Three days after I’d quit, on one of those bleary spring days when the rain is light and cold enough to feel but not to see, Elle came through and picked me up to go to Detroit. I didn’t feel much like going, but I wondered if the drive might be a reprieve from my own increasingly nervous thoughts. There wasn’t enough rain to make a sound on the roof of the car or stream down the windows. It just splashed around between the cars and trucks on the highway and made it so I couldn’t roll down the window without getting soaked. The heater was on, but the current of warmth was coming out in a trickle on my knee which felt dry and hot while the rest of my body was still damp and cold. As we left Lansing, I considered how being in a car in the rain is too much like being in the womb. You just float there, reluctant to have the trip end and to have to go back out into the rain, but dissatisfied with your lack of agency in the car just passively drifting by all these rainy fields and dark stands of trees in the distance. I started to do the thing I’d done since I was a kid and projected myself onto the rainy landscape and imagined finding a dry place under a pile of leaves where I could stretch out, look up into the worn nickel sky or watch the rain trickle through the woods and feel the cold on my face contrast with the warmth of my body. When I got tired of thinking about that, I considered what it would be like to walk along the highway for hours, to become tired and sore and then to arrive home, change and slip into bed.

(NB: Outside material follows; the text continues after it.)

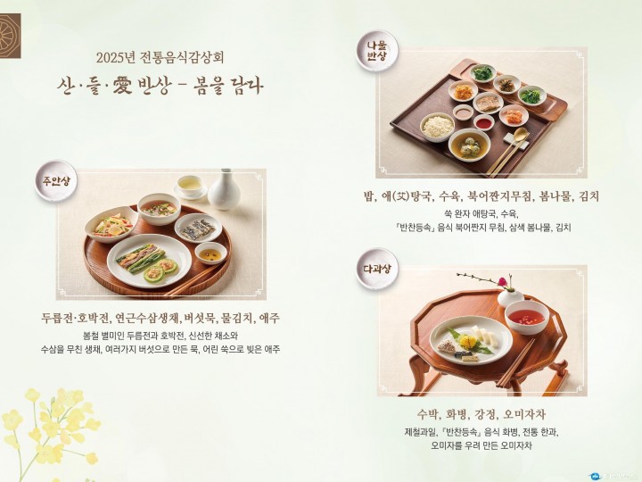 [청주타임뉴스=한정순 기자] 청주시는 초정행궁과 청주 고유의 전통음식을 널리 알리기 위해 오는 19일부터 다음 달 11일까지 ‘초정행궁 수라간 전통음식 감상회’를 운영한다. 이번 감상회는 청원구 내수읍에 위치한 초정행궁에서 매주 토요일과 일요일, 오전 11시 30분과 오후 1시 하루 2회씩 진행되며, 회당 12명씩 체험할 수 있다. 예약은 오는 15일부터 청주시 통합예약시스템을 통해 접수 가능하며, 참가비는 1인당 2만원이다. ‘산·들·愛(애) 반상, 봄을 담다’라는 주제로 열리는 이번 행사는 봄 제철 식재료와 청주지역 음식문화 기록유산인 반찬등속을 활용해 구성됐다. 참여자들은 전통음식에 대한 해설을 들으며 시식 체험을 함께할 수 있다. 총 3코스로 구성된 음식 감상회는 △봄철 별미 두릅전과 어린 쑥으로 빚은 애주를 곁들인 ‘주안상’ △쑥완자 애탕국, 수육, 북어짠지, 봄나물로 구성된 ‘반상’ △들깨강정, 화병, 오미자차로 구성된 ‘다과상’으로 진행된다. 청주시 관계자는 “세종대왕이 치유를 위해 방문했던 초정행궁의 역사성과 함께 청주의 전통음식문화를 현대적으로 재해석한 특별한 체험이 될 것"이라며 “많은 시민들의 관심과 참여를 바란다"고 했다. 한편, 반찬등속은 1913년 청주 상신리 진주강씨 가문의 며느리에 의해 고 한글체로 기록된 조리서로, 충북유형문화재 제381호로 지정돼 있다. 청주 양반가의 식문화를 비롯해 100여 년 전 지역의 생활상과 언어, 역사 등을 살필 수 있는 귀중한 자료로 평가받고 있다.

Elle and I didn’t talk about much on the way up. Neither of us was interested in the other’s choice of topic. I heard myself saying, ‘sometimes I think what it would be like to live outside. It’s probably easier than most people realize.’ Elle countered this by talking about the plight of the homeless and how it wasn’t very easy for them. I tried to explain that my idea was different. That I’d stay away from the cities and bathe in the rivers, but it sounded stupid when I tried to explain and I gave up. My own voice seemed constantly in danger of rising to a whine. A little ways after Brighton, Elle said she’d seen that a new vegetarian restaurant was opening not far from my house. I said I thought restaurants were a waste of money and I started rambling about how frying potatoes wasn’t hard and much cheaper when you did it at home. She muttered something about having other things on the menu, but I let it go and went back to the window. As many college students do, we’d adopted the habit of subtly accusing each other of bourgeois tendencies. The worst thing was that we were both aware of what we were doing, found it totally unnecessary, but couldn’t do anything to stop it.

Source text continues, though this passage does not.